Утром его уже не было в больнице. Он исчез вместе со своими тулупами, да так ловко, что даже нянька не уследила. И Ким Волошин снова ушел из поля моего зрения. После того дежурства мне пришлось отлучиться из города, и как раз в это время из «Зари» приехали на санях забрать тело на похороны. Говорили, был вполне приличный гроб, и было человек десять тепло укутанных женщин – вероятно, соседок Волошиных по неведомому мне бараку. Поезд из трех саней потянулся за Ташлицу на Новое кладбище, и говорят, первые сани, те, что с гробом, вел сам одноглазый Ким, шел впереди, тяжело переставляя ноги, ведя под уздцы заиндевевшую лошадь. Похоронили Нину Волошину и, не возвращаясь в Ташлинск, уехали по правому берегу прямо на свою «Зарю».
Работы у меня, как всегда, было выше головы, и лишь иногда я вспоминал рассеянно и недоумевал, как это могло случиться, что питомец прославленного Московского института журналистики очутился в мастерских заштатной РТС в глубокой провинции, а журналистка и дочка профессора Востокова нашла себе могилу в промерзшей башкир-кайсацкой земле… И еще испытывал я нечто вроде обиды на выскочившего вдруг из небытия Кима, который вполне мог бы мне все сам объяснить, а вот не соизволил, ну и бог с ним, насильно мил не будешь. Да и не желал я быть милым насильно.
В общем, из-за деловой текучки и этого ощущения легкой неприязни Ким, скорее всего, снова выпал бы из моей памяти, но тут получилось одно неожиданное обстоятельство.
Однако сначала я введу в рассказ еще одного героя. Имя ему – Моисей Наумович Гольдберг.
7
Летят по небу самолеты-бомбовозы,
Хотят засыпать нас землей, ёксель-моксель.
А я, молоденький мальчишка, лет семнадцать,
Лежу почти что без ноги.
Ко мне подходит санитарка, звать Тамарка:
«Давай тебя я первяжу, ёксель-моксель,
И в санитарную машину „стундербекер“
С молитвой тихо уложу…»
Был это в те времена наш несравненный прозектор, «лекарь мертвых», талантливейший старик, неизбывная гроза новоявленных специалистов, сопляков, путающих перитонит с перитонизмом и забывающих в операционных ранах салфетки.

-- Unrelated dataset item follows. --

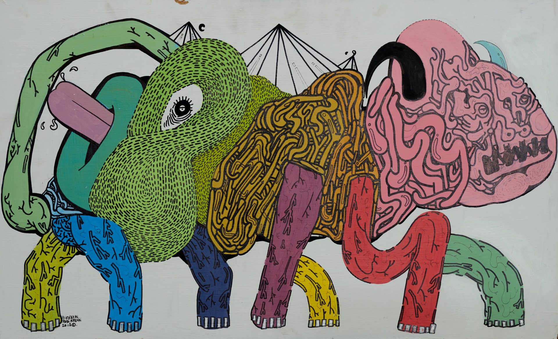 Sygnowany na dole: „NIEBIESKI. | ROBI. KRESKI |2012”

Он умер в прошлом году, старый труженик и мученик, с закрытыми глазами и довольной улыбкой: должно быть, рад был уйти от кошмара, от фантастического дела Кима Волошина.
О прошлом его я знаю немного. Был он учеником и пользовался благосклонностью самого Давыдовского Ипполита Васильевича, главного патологоанатома Советского Союза. Того самого, добавляю для непосвященных, который был инициатором и автором знаменитого Указа от 35-го года о непременном вскрытии всех больных, умерших в лечебных учреждениях. Войну Моисей Наумович прошел от звонка до звонка. Служа под знаменами генерал-лейтенанта Кочина главным патологоанатомом армии, удостоился Красной Звезды и именного оружия за предупреждение возникшей в войсках эпидемии менингита, обнаруженной и блокированной им на основании материалов вскрытия. Надо полагать, отчетливая была работа.

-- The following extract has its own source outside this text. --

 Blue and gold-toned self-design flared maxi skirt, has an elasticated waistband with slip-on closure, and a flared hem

После войны «Звездочку» свою он, конечно, потерял, именной пистолет у него отобрали, а тут подоспели и настоящие неприятности, и Моисей Наумович стремглав покатился вниз. И докатился, на наше счастье, до Ольденбургского облздрава, который и стряхнул его в Ташлинск. И стал он патологоанатомом больницы, а также – по совместительству и по бедности нашей – судмедэкспертом. И всю четверть века, всю оставшуюся жизнь, прожил в комнатушке, отведенной ему судебным ведомством (!) в так называемом районном пансионате. Впрочем, насколько я знаю, был он совершенно одинок, без единого родственника на всем белом свете.